Given material:
=======
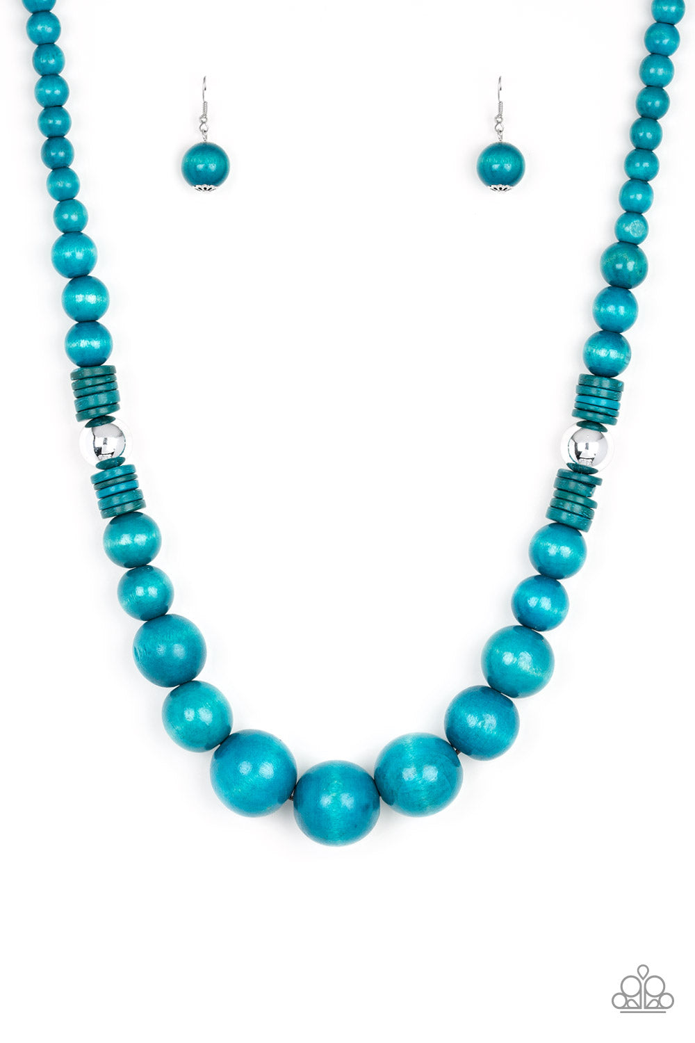 Infused with dramatic silver beads, an array of refreshing blue wooden beads drape across the chest for a summery look. Features a button-loop closure.
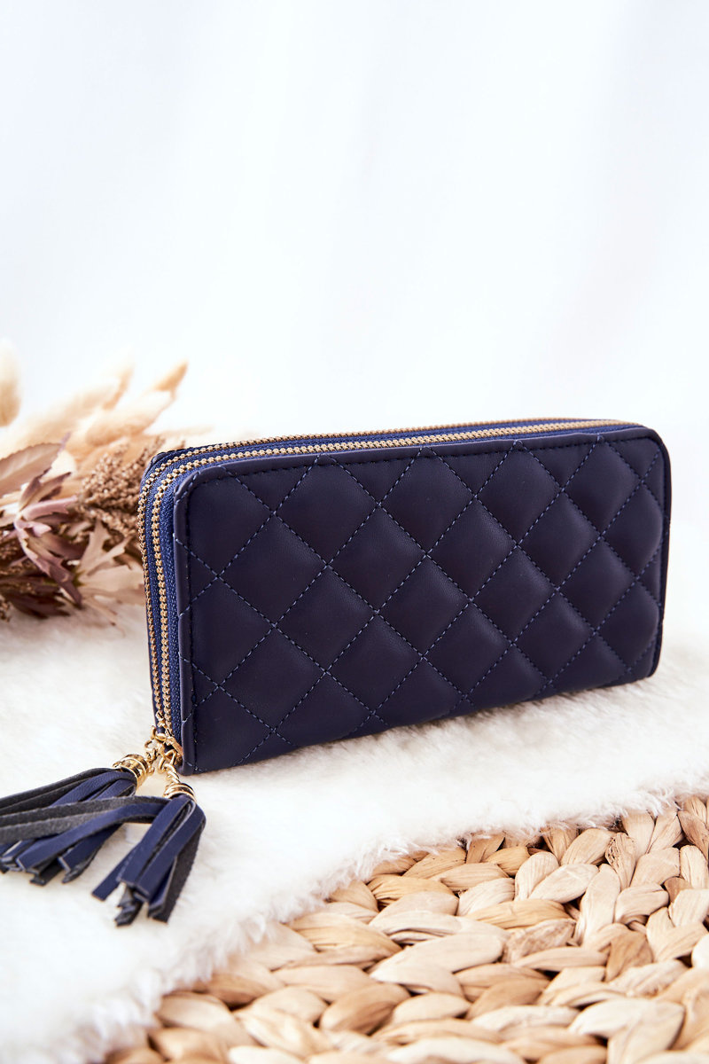 Large Quilted Wallet with Zips Navy
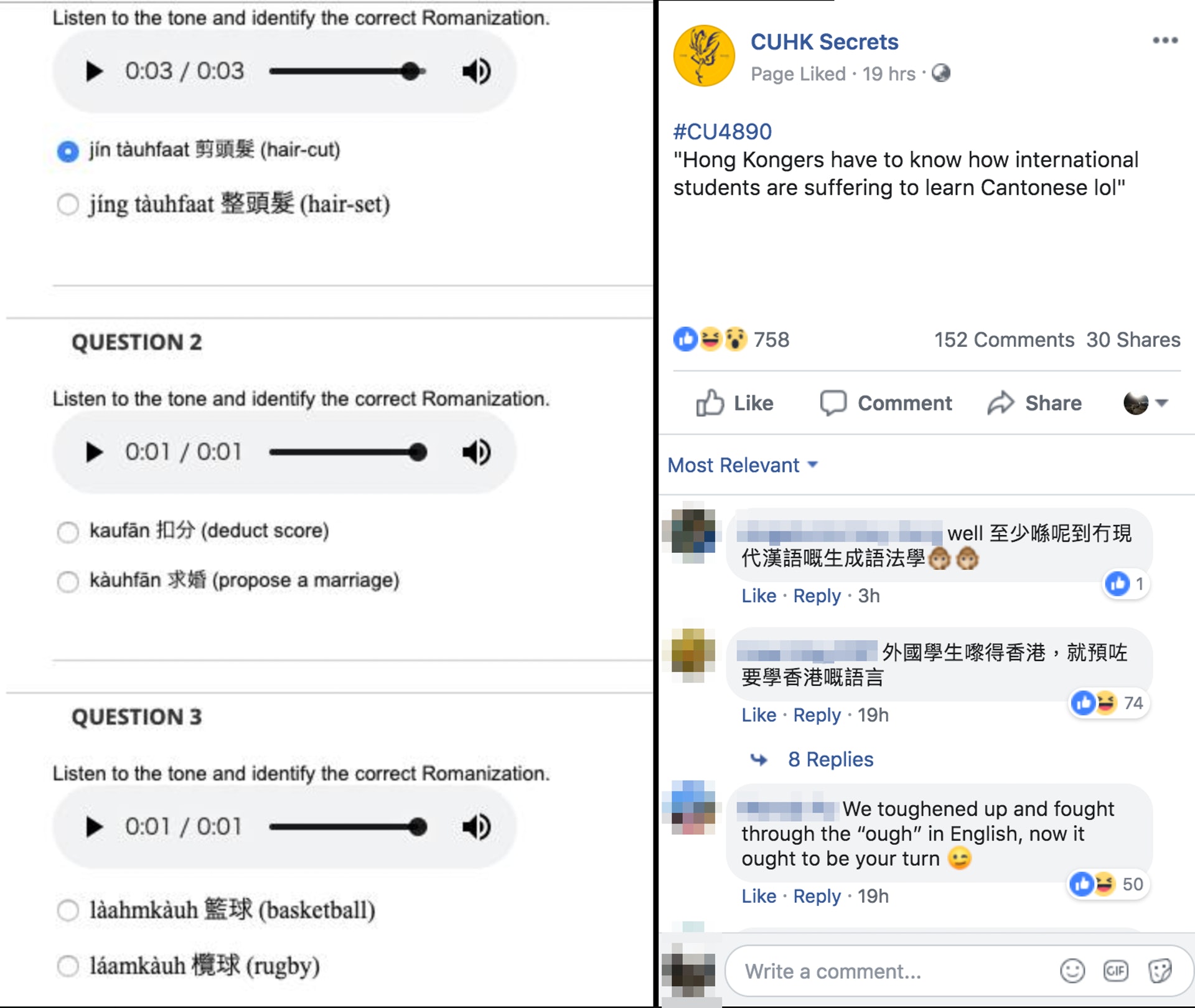 中大外籍學生大嘆學廣東話超難 扣分 求分 傻傻分不清 香港01 開罐
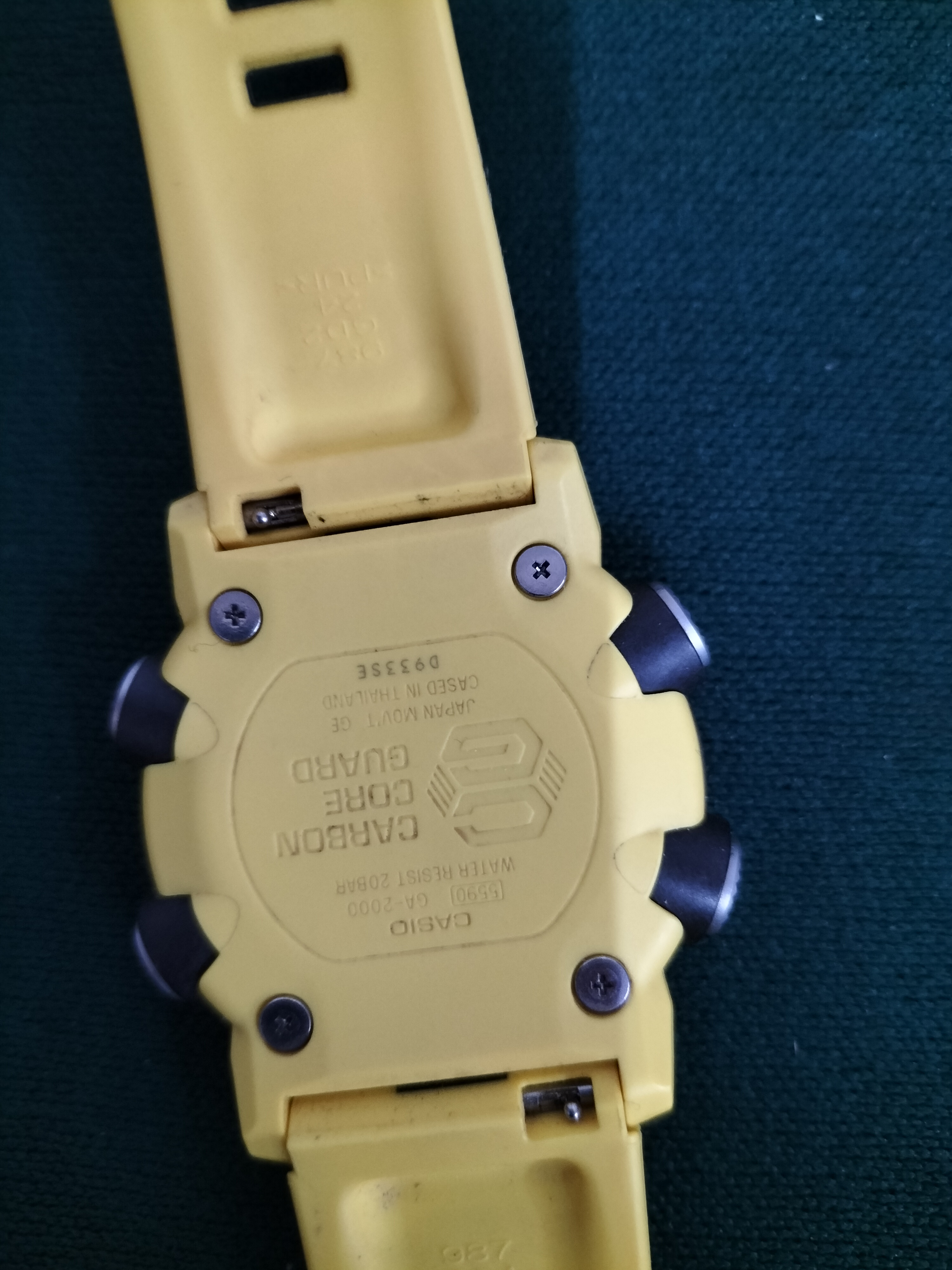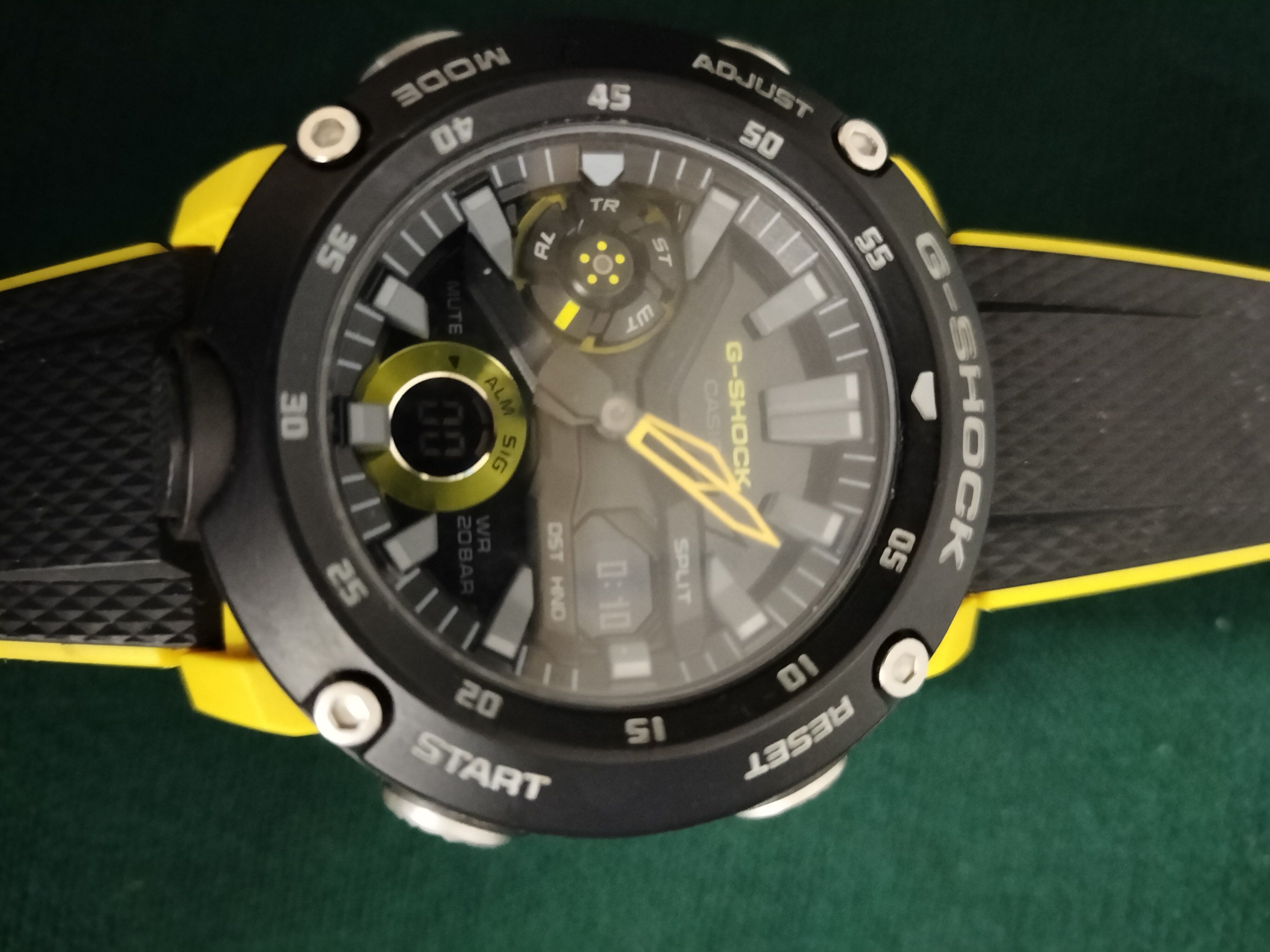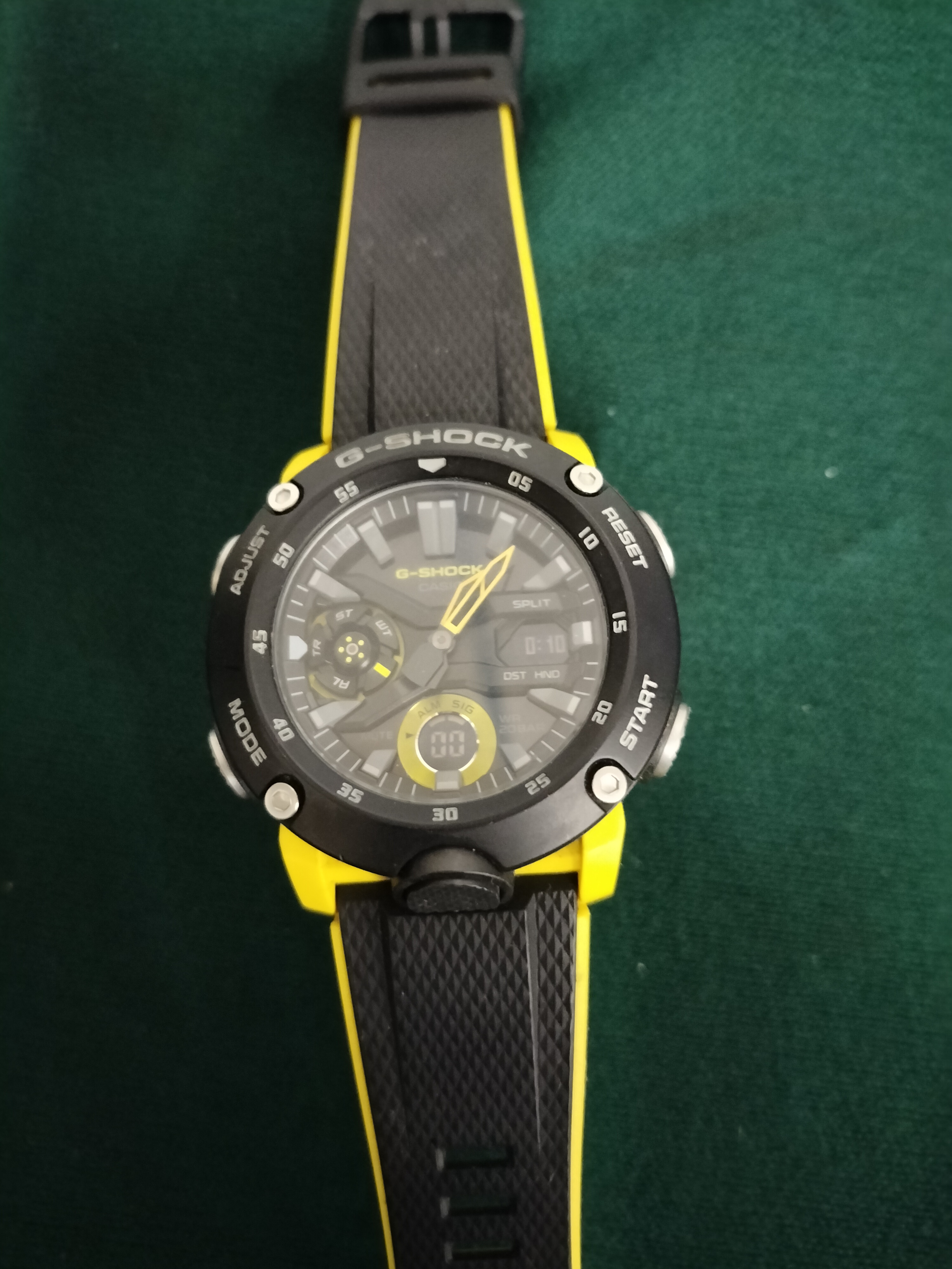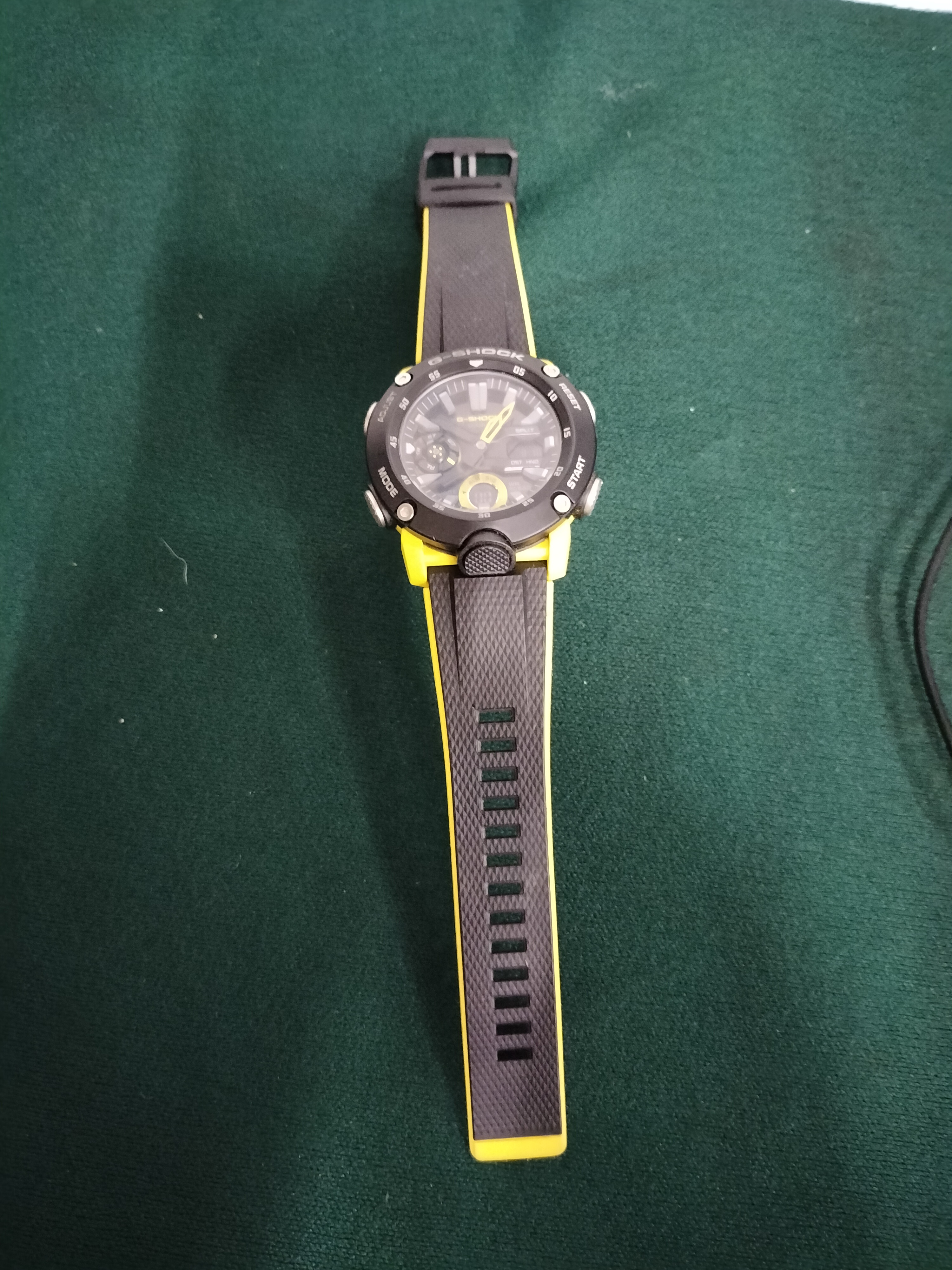 Brand: Casio. Model: G-Shock GA-2000 Carbon Core Guard. Reference: GA-2000-1A9. Movement: Quartz Module 5590. Case: Carbon-reinforced resin with a yellow outer casing and black resin bezel. Dial: Dark grey textured dial with yellow accents, featuring analog hands and dual digital displays. Bracelet: Original bi-colour resin strap in black and yellow. Serial Number: D933SE. Box and papers are not included. Case size: 48.7mm.
=======
About this task: The response should restate the material above word for word and contain no pictures.

Output below:
 Infused with dramatic silver beads, an array of refreshing blue wooden beads drape across the chest for a summery look. Features a button-loop closure.
 Large Quilted Wallet with Zips Navy
 中大外籍學生大嘆學廣東話超難 扣分 求分 傻傻分不清 香港01 開罐
 Brand: Casio. Model: G-Shock GA-2000 Carbon Core Guard. Reference: GA-2000-1A9. Movement: Quartz Module 5590. Case: Carbon-reinforced resin with a yellow outer casing and black resin bezel. Dial: Dark grey textured dial with yellow accents, featuring analog hands and dual digital displays. Bracelet: Original bi-colour resin strap in black and yellow. Serial Number: D933SE. Box and papers are not included. Case size: 48.7mm.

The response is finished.